Both myself and DH are vegetarians and we would like our children to be vegetarians too for both health and ethical reasons, however I'm a bit unsure because all of the websites i've checked have conflicting opinions on whether or not this is good for a small child (digestion issues etc) and our parents (non/ex-vegetarians) think we're 'depriving' the child
Help anyone? i'm completely lost

aurynne Tue 07-May-13 21:44:47

I understand, and sometimes the language I use hen debating can be incendiary, as seen by the responses I get. This happens in any language I discuss in, so I have assumed it is my fault. It actually annoys me, because people get offended and stop discussing the really interesting stuff, damn!

OscarIsABookworm Tue 07-May-13 21:45:13

In aurynne's profile she says she is Spanish living in NZ.

We have actually come across some restaurants in Spain that consider ham vegetarian confused

Just for the record what most people (certainly everyone I know) consider vegan/vegetarian is..

Vegetarian is a blanket term used to describe a person who does not consume meat, poultry, fish, or seafood.

Vegans do not consume any animal products or by-products.

aurynne Tue 07-May-13 21:46:30

Thanks Oscar. Actually, I eat tofu too :P.
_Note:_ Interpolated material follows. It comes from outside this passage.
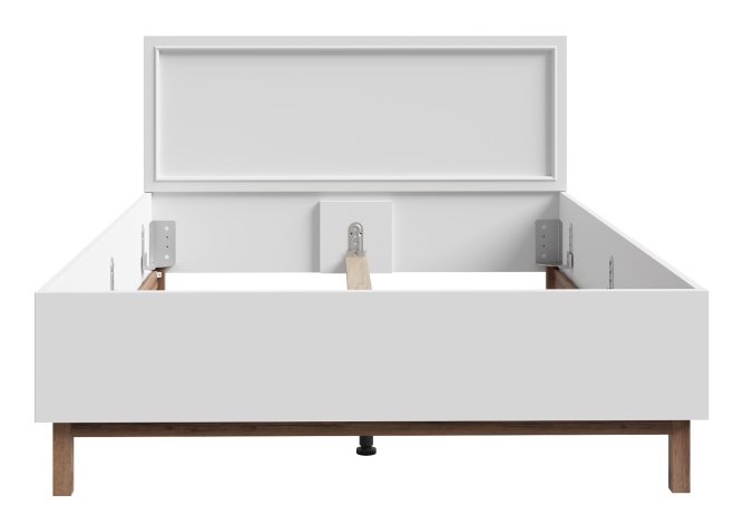 Korpus łóżka do sypialni Penkridge wykonano z laminowanej płyty wiórowej w kolorze Secret Grey, natomiast nóżki i podstawa powstały z płyty MDF w wybarwieniu dąb szlachetny, co nadaje meblowi naturalny charakter. Wybrane elementy konstrukcji zabezpieczono obrzeżem ABS, zwiększającym estetykę wykończenia. Dzięki prostemu, ale eleganckiemu wzornictwu łóżko doskonale komponuje się z innymi elementami kolekcji Penkridge, tworząc spójną i stylową aranżację sypialni. Oferta nie obejmuje materaca.

OscarIsABookworm Tue 07-May-13 21:48:54

I don't it's disgusting stuff.

rambososcar Tue 07-May-13 21:51:03

grin @ aurynne.

spiderlight Tue 07-May-13 21:56:40

I'm reminded of the lovely scene in the Royle Family where Nanna is told a guest is vegetarian and responds with great sympathy, as if it were some terrible affliction, and then asks 'Could she have some wafer-thin ham?'

fluffypillow Tue 07-May-13 22:02:19

I'm veggie, DH meat eater. My children ;

DS1 : kept him veggie until 2, then he started to eat meat. Age 12 told us he wanted to be veggie, and has been strict veggie for 3 years now.

DS2 ; kept him veggie until 2, then he started to eat meat. Still eats meat, and I think always will do.
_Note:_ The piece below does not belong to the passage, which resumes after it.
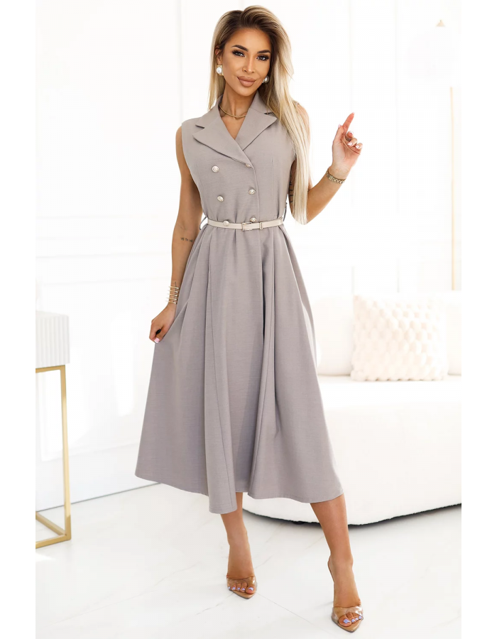 Midi košilové šaty šedobéžové | Numoco Basic – Elegantní košilové šaty s páskem, knoflíky a výstřihem do V. Stylová, pohodlná, ideální pro každou příležitost. Kup teď!

DD ; 2yrs old. she is veggie, and will probably remain so for a long while as she has shown no interest in meat at all.

Each to their own I say. just go with your instincts as a parent, and always listen to your childs point of view. When they are old enough to make a decision either way, repect it and accept it. Then you can't go wrong. Good luck.

ZebraOwl Tue 07-May-13 22:39:18

As plenty of other people have said, children raised on a healthy vegetarian diet will be grand. Like children raised on a healthy omnivorous diet. I'd think the sensible thing to do would be to provide them with a vegetarian diet & if, as they get older, they want to try eating fish &/or meant, let them do so. Same way omnivorous parents should allow their children to choose to become vegetarian.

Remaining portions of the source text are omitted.